#### [Task material]
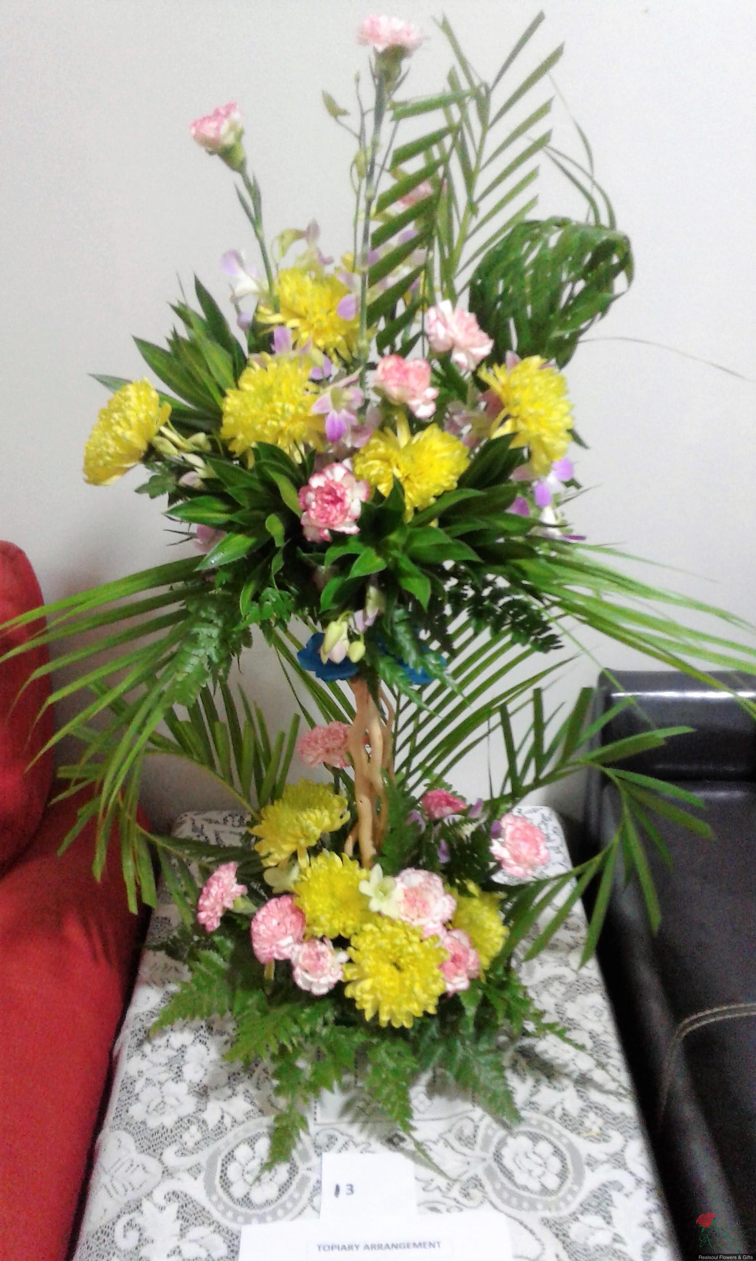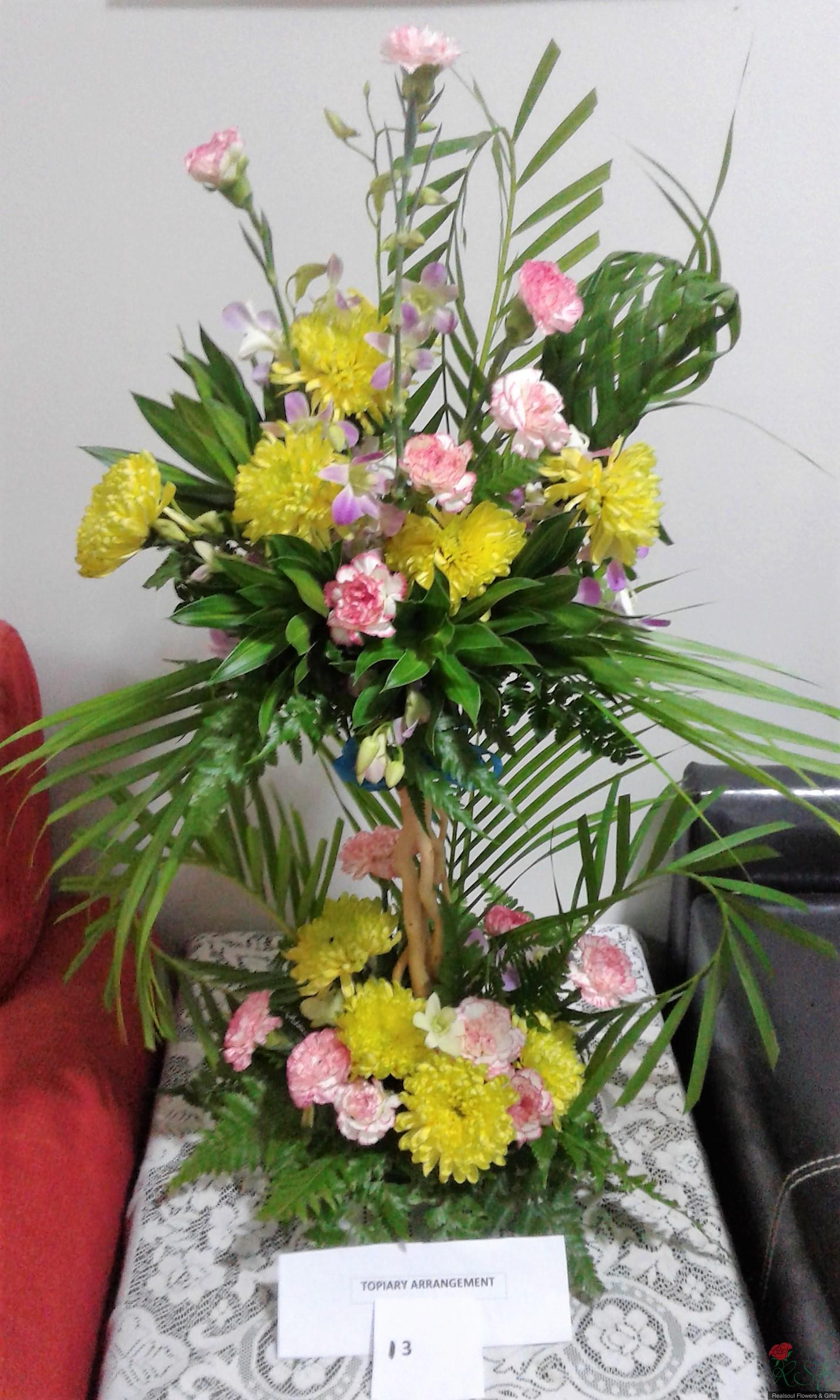 OPCH106- Another topiary style arrangement with tropical elements (Gubahan topiary)
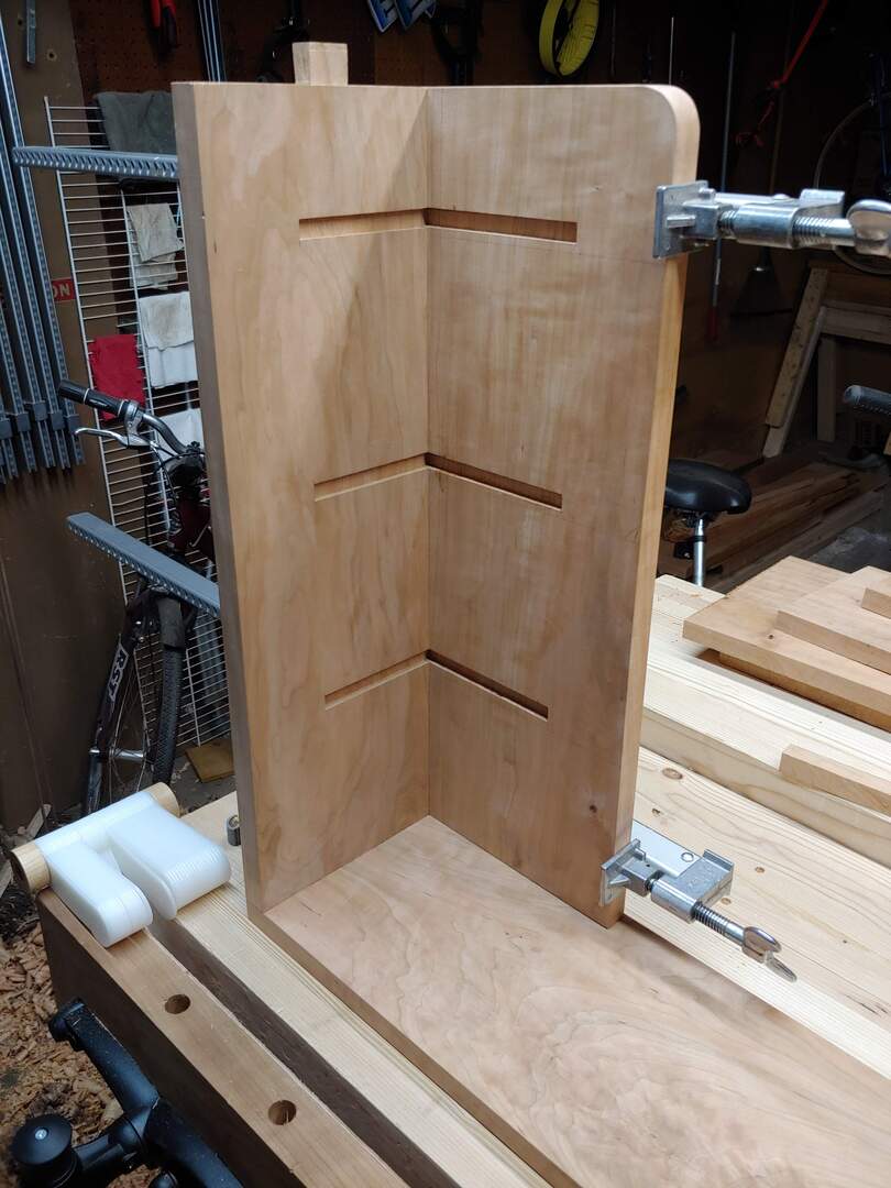 At the left, I attached a side board using dovetails to the bottom shelf, and then using a rabbet in the side board attached a back panel for the smaller shelves. The back is also attached to the bottom using a dowel, but that’s only near the left edge to allow for wood movement.
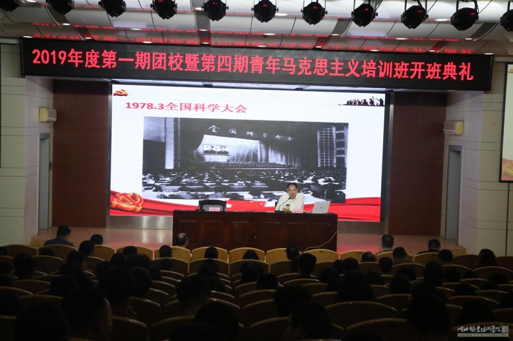 4月24日下午,校团委在学校文博馆学术报告厅举办了2019年度第一期团校暨第四期青年马克思主义者培养工程开班典礼,并邀请党委书记张国雄以“改变中国,影响世界”为主题为学员上了重要的第一课。副校长杨立明、党委组织部、宣传部、学工部主要负责人到会祝贺,各学院团总支书记、2018级团支书、校团委、学生会、社团主要干部300余人参加。会议由团委书记谭之平主持。
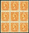 1932 Martyrs Peking print, 40c orange block of 9 with center stamp re-entry of char. 40c, fresh and dry gum. Chan 343a. Photo
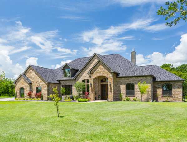 Бежевый декоративный камень, светлый фахверк, коричневая металлочерепица — все эти материалы прекрасно гармонируют с провинциальной стилистикой загородной усадьбы на фото.
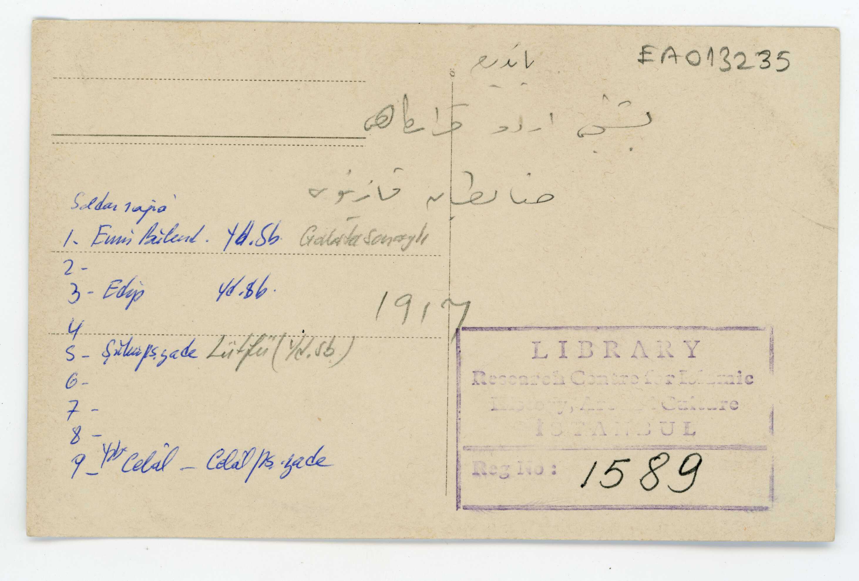 From left to right: 1- Emin Bülend, reserve officer, 2-?, 3- Edip, reserve officer, 4-?, 5-Lütfi (Şükrü Pasha's son), reserve officer, 6-?, 7-?, 8-?, 9- Captain Celal (Celal Pasha's son).
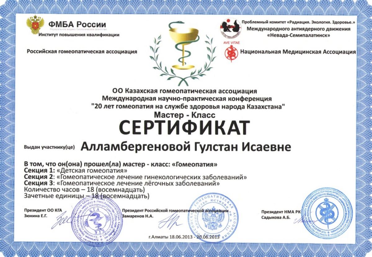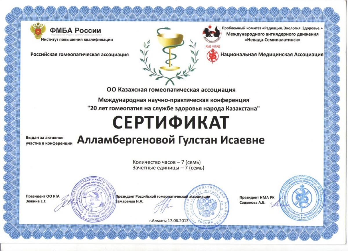 • 2007 г. – курс усовершенствование врачей на тему «Гомеопатия как искусство».
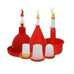 3. ظروف آب و غذا: ظروف مقاوم و بهداشتی برای تغذیه و آب‌دهی به طیور.
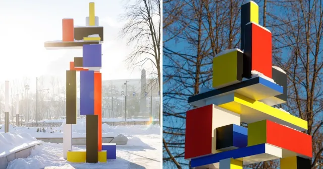 Супрематическая конструкция не только разбавляет серость и однообразность многоэтажек, но и ещё раз напоминает о сложности, порой алогичности обустроенного человеком мира.
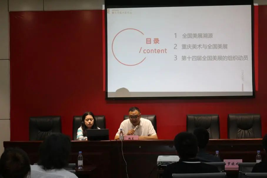 ※ 5月12日下午,PA视讯集团迎接全国美展创作启动仪式在花马大讲堂举行。活动旨在通过主题性作品创作培育,提高创作质量,提升我院美术作品在全国美展和重庆市美展中的入选率、获奖率。四川大学艺术学院学术院长、艺术研究院院长、四川美术学院艺术人文学院院长、教育部艺术教育委员会委员黄宗贤教授,中国美协理事、重庆市美协副主席、秘书长、中国美协重庆创作中心主任魏东应邀做主题报告。美术学院党委书记刘清泉、主持工作副院长罗晓欢、副院长张为民,设计实践与美术创作类研究生导师及相关专业教师、研究生代表莅会。活动由院长助理杨树文副教授主持。
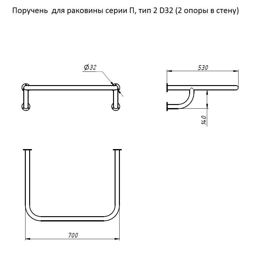 Комплект: поручень с 2 опорами для крепления в стену, монтажными элементами и уплотнителями (без дополнительных аксессуаров); подходит для раковин серии П (стандартные умывальники в ванных), монтируется в 2 точки на стену. Интегрируется в стандартные санузлы без пайки; нержавейка обеспечивает антикоррозийную стойкость. Отличается от типа 1 (П1D32) удлинённой дугой для большего охвата, превосходя алюминиевые аналоги по прочности и долговечности.
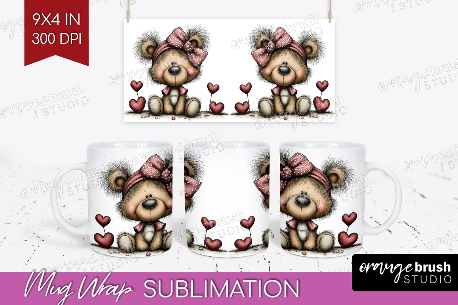 Teddy Bear Valentine Mug Wrap Whimsical Animal Mug PNG example image 1
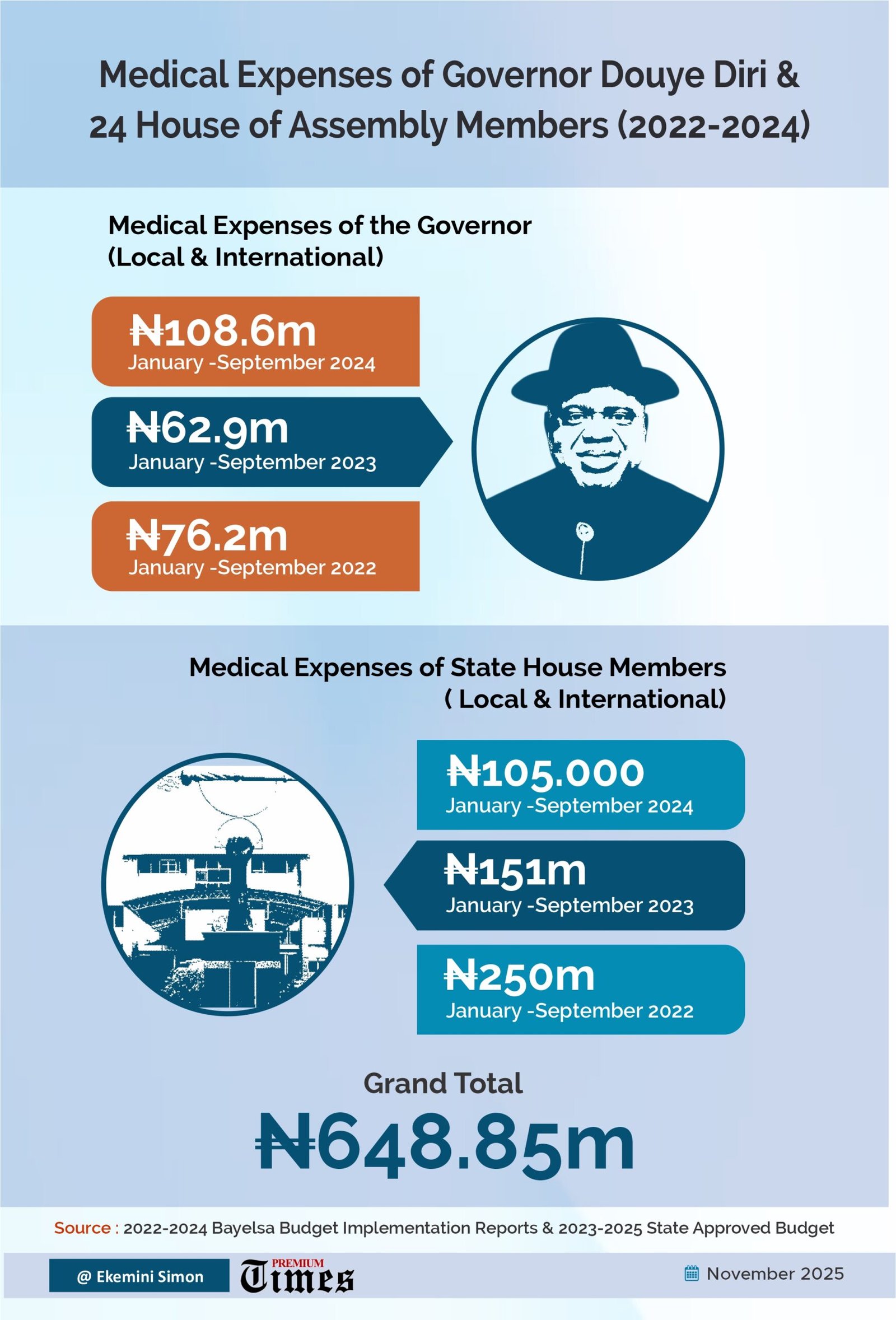 In that same year, however, it disbursed N213.9 million for another international and local medical expenses of the governor and 24 house members.
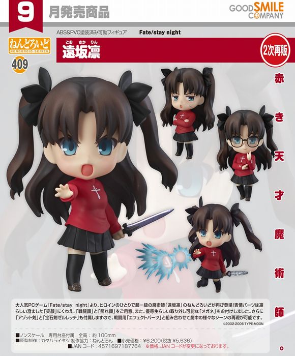 大人気PCゲーム『Fate/stay night』より、ヒロインのひとりで超一級の魔術師「遠坂凛」のねんどろいどが再び登場!表情パーツは凛らしい澄ました「笑顔」にくわえ、「戦闘顔」と「照れ顔」をご用意。また、優等生らしい取り外し可能な「メガネ」をお付けしました。さらに「アゾット剣」と「宝石剣ゼルレッチ」も付属しますので、戦闘用「エフェクトパーツ」と組み合わせて劇中の様々なシーンの再現が可能です。
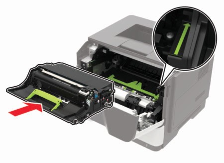 - Insert the new imaging unit.Use the arrows inside the printer as guides.
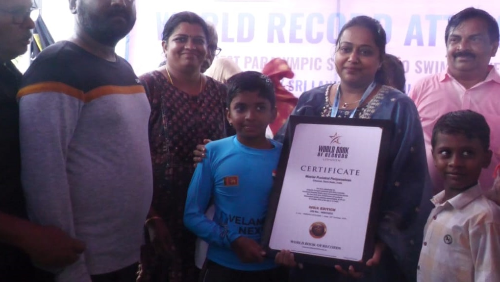 இயலாமைக்கும் சாதனைக்கும் உள்ள தூரத்தை நீந்தி கடந்து சாதனை படைக்க வேண்டும் என்ற இலட்சியத்துடன் முழங்காலுக்கு கீழே பாதிக்கப்பட்ட 12 வயது மாற்றுத்திறனாளி சிறுவன் கடந்த வெள்ளிக்கிழமை (3) தலைமன்னாரிலிருந்து தனுஷ்கோடி வரையிலான பாக்கு நீரிணையை 9 மணி 11 நிமிடத்தில் நீந்தி கடந்து சாதனை படைத்துள்ளார்.

#### [About this exercise]
Please transcribe exactly the part of the records that opens with the line containing "Teddy Bear Valentine" and closes with the line containing "In that same", both ends included, and leave out the pictures.

#### [Task solution]
 Teddy Bear Valentine Mug Wrap Whimsical Animal Mug PNG example image 1
 In that same year, however, it disbursed N213.9 million for another international and local medical expenses of the governor and 24 house members.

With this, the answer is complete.